I must have seen about 120, but I only used 28 in the end.
What interested you about the principle of composition for the images?
I initially wanted the different visions of Rome to face off. Each filmmaker offers his or her version of the city and the compositions I made juxtapose those versions and allow the viewer to compare them. But the films also turned out to be genuine archival documents of the city of Rome. They allowed me to take stock of its architectural and urban evolution through sixty years of film. What interested me was to make different times coexist in the same place.
What idea did you have for the text that accompanies the film and why did you want to put it on the images rather than have it spoken by the actors?

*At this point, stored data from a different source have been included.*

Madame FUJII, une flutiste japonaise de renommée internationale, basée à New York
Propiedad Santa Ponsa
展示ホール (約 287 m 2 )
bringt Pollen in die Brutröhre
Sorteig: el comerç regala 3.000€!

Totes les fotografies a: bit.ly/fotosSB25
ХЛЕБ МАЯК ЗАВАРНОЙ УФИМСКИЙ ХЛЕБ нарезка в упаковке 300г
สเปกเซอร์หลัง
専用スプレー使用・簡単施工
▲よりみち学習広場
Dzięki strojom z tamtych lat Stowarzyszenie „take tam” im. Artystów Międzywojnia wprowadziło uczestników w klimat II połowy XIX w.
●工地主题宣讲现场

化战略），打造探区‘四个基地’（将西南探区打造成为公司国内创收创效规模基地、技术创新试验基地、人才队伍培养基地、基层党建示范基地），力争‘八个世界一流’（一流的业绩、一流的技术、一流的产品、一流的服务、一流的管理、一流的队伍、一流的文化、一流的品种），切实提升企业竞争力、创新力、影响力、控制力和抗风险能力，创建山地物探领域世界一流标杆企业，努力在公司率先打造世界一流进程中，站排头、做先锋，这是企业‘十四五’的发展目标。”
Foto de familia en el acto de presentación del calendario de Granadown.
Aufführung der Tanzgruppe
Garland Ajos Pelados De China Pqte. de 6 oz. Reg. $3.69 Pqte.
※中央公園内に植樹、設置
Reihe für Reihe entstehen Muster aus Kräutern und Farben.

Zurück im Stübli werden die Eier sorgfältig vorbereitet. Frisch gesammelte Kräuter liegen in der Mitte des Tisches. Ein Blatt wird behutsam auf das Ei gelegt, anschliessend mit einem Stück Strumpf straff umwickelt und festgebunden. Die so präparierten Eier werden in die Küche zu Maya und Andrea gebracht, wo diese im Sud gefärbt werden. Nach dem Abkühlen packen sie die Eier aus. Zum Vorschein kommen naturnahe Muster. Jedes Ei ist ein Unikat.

I conducted a batch of interviews with Romans. I asked them to tell me about the connection their city had with films. And it’s from those interviews that I made the “off-camera” voices in my film. I wanted to depersonalize the remarks. Neither a man’s nor a woman’s, nor an Italian’s nor a French person’s. So writing them became the best way to leave the viewer with the task of imagining a voice for the text. With respect to the dialogues already present in the film clips, I left them as I found them in subtitles to the films I saw.
You speak of composition based on “ruins”. Did you choose video clips that contributed to the composition based on the scenes that you thought you remembered, long after seeing a film?

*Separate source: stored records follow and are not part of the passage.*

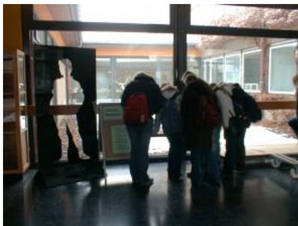
Interesse am Fehlenden Menschen in der Gesamtschule Mücke

solle auf den Umstand aufmerksam machen, Abstoß zum Innehalten geben und vielleicht sogar eine späte Trauer ermöglichen. Die Metallskulptur wird demnächst unter anderem in der Filiale der Sparkasse Vogelsbergkreis und auch an der Schule aufgestellt.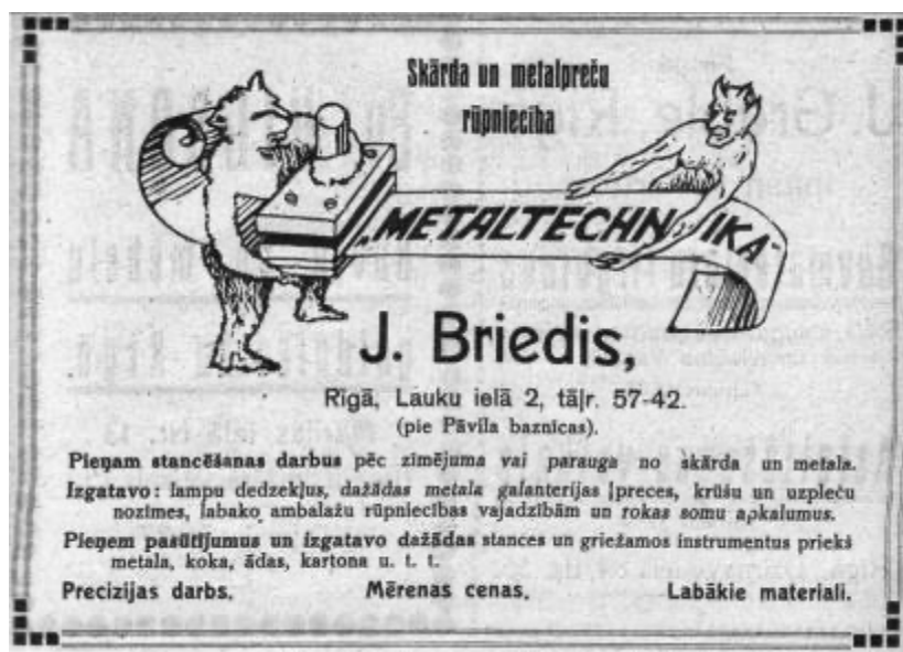
Metāla izstrādājumu uzņēmuma Lauku ielā Nr. 2 reklāma. 1925. gads.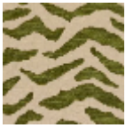
L5038_BENGA LE_C539_C541_ FG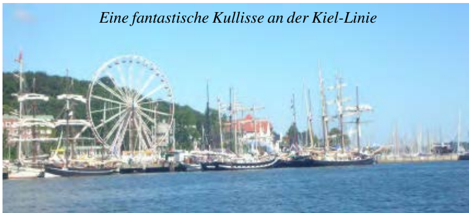
Eine fantastische Kullisse an der Kiel-Linie

Höhepunkte waren die Begegnung mit dem Seenotrettungskreuzer

No, I didn’t choose the clips based on my personal memory but based on the collective memory comprised of all the films shot in Rome. If the city disappeared one day and someone tried to reconstruct it based on the films that have used it as a backdrop, what would it look like? That’s what I meant by “ruins” – the work of digging and reconstructing that mirrors the work of archeologists.
Besides the animation and the text on the screen, did you add anything? Did you add scenes that you and your team filmed?
We did not shoot any images for the film. And I personally undertook all of the animation. The only thing that was added is the soundtrack. While a few elements were recorded in Rome, the bulk was done in the studio by Homéro Gonzalez and Andrés Padilla Domene.
Can you see yourself making other films using the same principle of composition, for other cities?
The principle of composition, the collage, is pretty typical of my artistic practice. I don’t think I’ll be going away from it any time soon. But it’s the notion of territory that currently interests me, more than any specific city. How are territories fictionalized? How are they represented visually and to what end?
Have you discovered any advantages that the short film form provides?
Each of the compositions I made for this film contain a great deal of information. I’m asking a great deal of the viewer’s visual attention. I think that would have been impossible to ask in a feature film.
L’espace commun is part of Lab Competition L1.